TASK OBJECTIVE
Aim for an exact copy of the listing, without any images.
== DATA FOR REVIEW ==
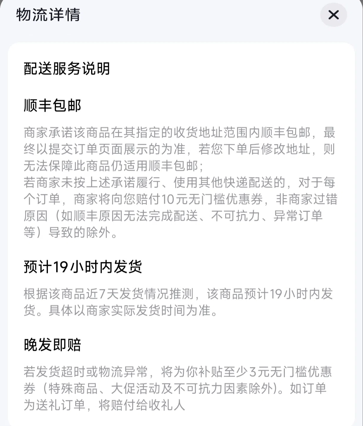 运费险 · 七天无理由退货 · 极速退款
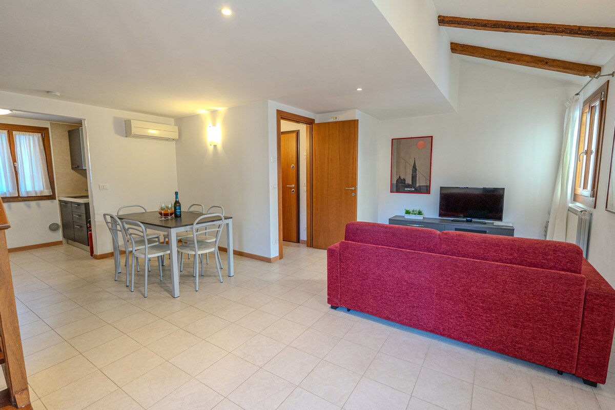 Ang pinainit na sahig na gawa sa kahoy at ang sala na may mga nakalantad na sinag ay ginagawang kaaya - aya ang tuluyan. Sa terrace sa sahig, magkakaroon ka ng tanghalian at hapunan sa labas sa mga bubong ng Venice. Alilaguna Motorboat AIRPORT - S. STAE (meeting point). Ang S. Stae ay stop no. 5 sa Grand Canal. Sa iyong pagdating, dapat bayaran ang buwis ng turista sa Munisipalidad na katumbas ng: € 4.00 bawat tao kada gabi ng pamamalagi; € 2.00 para sa mga kabataang nasa pagitan ng 10 at 16 taong gulang (hindi pa nakukumpleto)
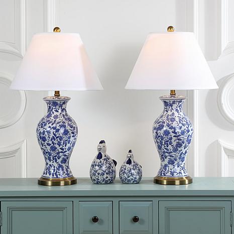 Put a pretty spotlight on your love for floral motifs with this urn-style ceramic lamp duo. A crackled glaze finish and blue and white chinoiserie motif give these lovely lamps an alluring glow. Display them together or in separate rooms to give your décor a timeless, feminine touch.
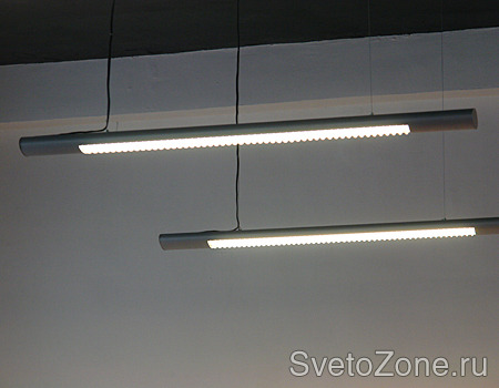 Так как технические особенности потолка не позволяют использовать встраиваемые светильники, специалисты нашей компании использовали подвесные светильники и прожекторы на шинопроводе.
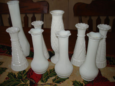 Title (ebay affiliate link): Vintage Lot 9 Milk Glass Bud Vases- 6"-8"- Wedding, Cottage style- great variety
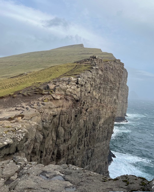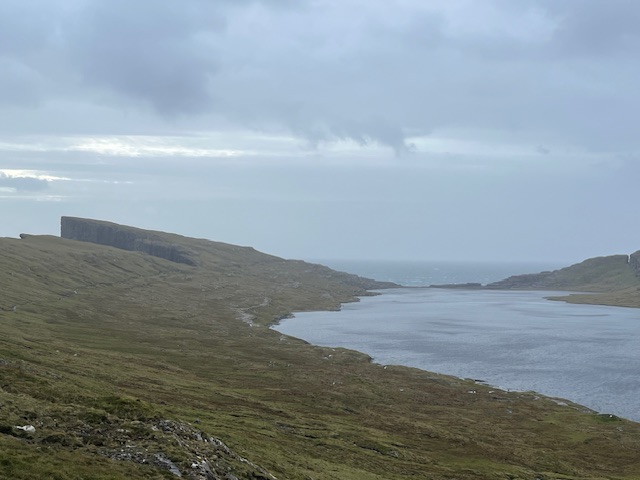 A three mile trail from the visitor’s centre gradually ascends to a height of 250 metres above sea level and a viewpoint that looks down on Lake Leitisvatn which almost floats above the ocean. Maintained hiking trails are rare in the Faroe Islands, which is a pity. There isn’t a funded National Park network, nor is there any volunteer or charitable group for the upkeep of paths. A week ago, when I was at Viðareiði in the Northern Isles, there was a request for hikers to pay 300 kroner to walk the trail, about £35. Here at Trælanípa there is a turnstile at the cafe and a charge of 200 kroner. It seems to me that some sort of tourist tax is a better way to fund the building of new trails and the maintenance of existing ones, rather than charging a large amount to a relatively small percentage of visitors.
===
ANSWER AREA
 运费险 · 七天无理由退货 · 极速退款
 Ang pinainit na sahig na gawa sa kahoy at ang sala na may mga nakalantad na sinag ay ginagawang kaaya - aya ang tuluyan. Sa terrace sa sahig, magkakaroon ka ng tanghalian at hapunan sa labas sa mga bubong ng Venice. Alilaguna Motorboat AIRPORT - S. STAE (meeting point). Ang S. Stae ay stop no. 5 sa Grand Canal. Sa iyong pagdating, dapat bayaran ang buwis ng turista sa Munisipalidad na katumbas ng: € 4.00 bawat tao kada gabi ng pamamalagi; € 2.00 para sa mga kabataang nasa pagitan ng 10 at 16 taong gulang (hindi pa nakukumpleto)
 Put a pretty spotlight on your love for floral motifs with this urn-style ceramic lamp duo. A crackled glaze finish and blue and white chinoiserie motif give these lovely lamps an alluring glow. Display them together or in separate rooms to give your décor a timeless, feminine touch.
 Так как технические особенности потолка не позволяют использовать встраиваемые светильники, специалисты нашей компании использовали подвесные светильники и прожекторы на шинопроводе.
 Title (ebay affiliate link): Vintage Lot 9 Milk Glass Bud Vases- 6"-8"- Wedding, Cottage style- great variety
 A three mile trail from the visitor’s centre gradually ascends to a height of 250 metres above sea level and a viewpoint that looks down on Lake Leitisvatn which almost floats above the ocean. Maintained hiking trails are rare in the Faroe Islands, which is a pity. There isn’t a funded National Park network, nor is there any volunteer or charitable group for the upkeep of paths. A week ago, when I was at Viðareiði in the Northern Isles, there was a request for hikers to pay 300 kroner to walk the trail, about £35. Here at Trælanípa there is a turnstile at the cafe and a charge of 200 kroner. It seems to me that some sort of tourist tax is a better way to fund the building of new trails and the maintenance of existing ones, rather than charging a large amount to a relatively small percentage of visitors.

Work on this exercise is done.